From: Hubert Tong <hubert.reinterpretcast_at_[hidden]>
Date: Sun, 14 Jun 2020 18:06:15 -0400
On Sun, Jun 14, 2020 at 2:44 PM Jens Maurer <Jens.Maurer_at_[hidden]> wrote:

> Supposed I'm on an EBCDIC-only system.
> If I understand correctly, EBCDIC has a host of control characters
> that can't be represented in Unicode (while preserving semantics);
> the mapping that exists re-uses some Unicode control characters,
> but with different semantics.
> Suppose one of those EBCDIC control characters is mapped to \u1234.
> What if \u1234 also appears as such in my source code, obviously
> intending to mean the Unicode semantics?
> I think I'd like

I can't speak to whether you have such a preference or not. :)

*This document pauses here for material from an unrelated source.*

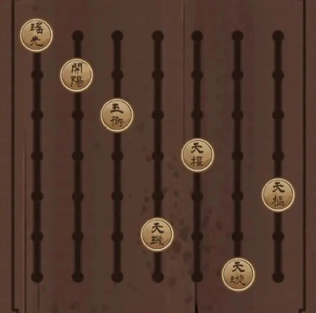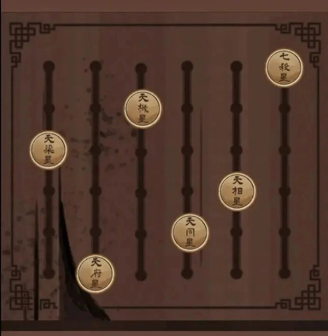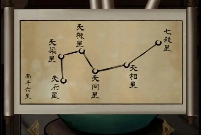 然后是南斗六星,按照从高到低的顺序依次为七杀星-天机星-天梁星-天相星-天同星-天府星,调整桌子上的盒子,注意盒子上机关的顺序和六星是不同的哦,不要看错字,调整完毕后盒子打开获得墨条。
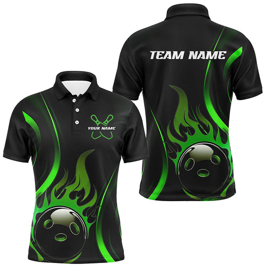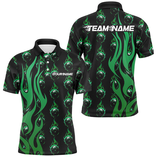 Grüne Flammen-Bowlingkugel-Bowling-Poloshirt für Herren, individuelle Bowlingtrikots mit Teamnamen IPHW6949

> to have at least the option of getting a
> syntax error (I asked for a Unicode control character that
> doesn't exist as such on EBCDIC), but it seems the mapping
> will give me the EBCDIC control character with different
> semantics. (All of this in a string literal, of course,
> so it hurts when performing output.)
> Hubert, is my understanding above correct?
Yes. The possibility of such an option (to get an error) should not be
ruled out by some "accident of wording" in the specification of C++.

As a point of information (from another thread), implementations are known
that perform the "conventional" mapping.

The presence of a UCN for a C1 (non-EBCDIC) control character in a
supposedly-EBCDIC string is not immediately indicative of an error. For
example, the environment I use has SSH perform autoconversion (with the
"conventional" mapping) from EBCDIC-1047 to ISO-8859-1.

> Jens

Received on 2020-06-14 17:09:42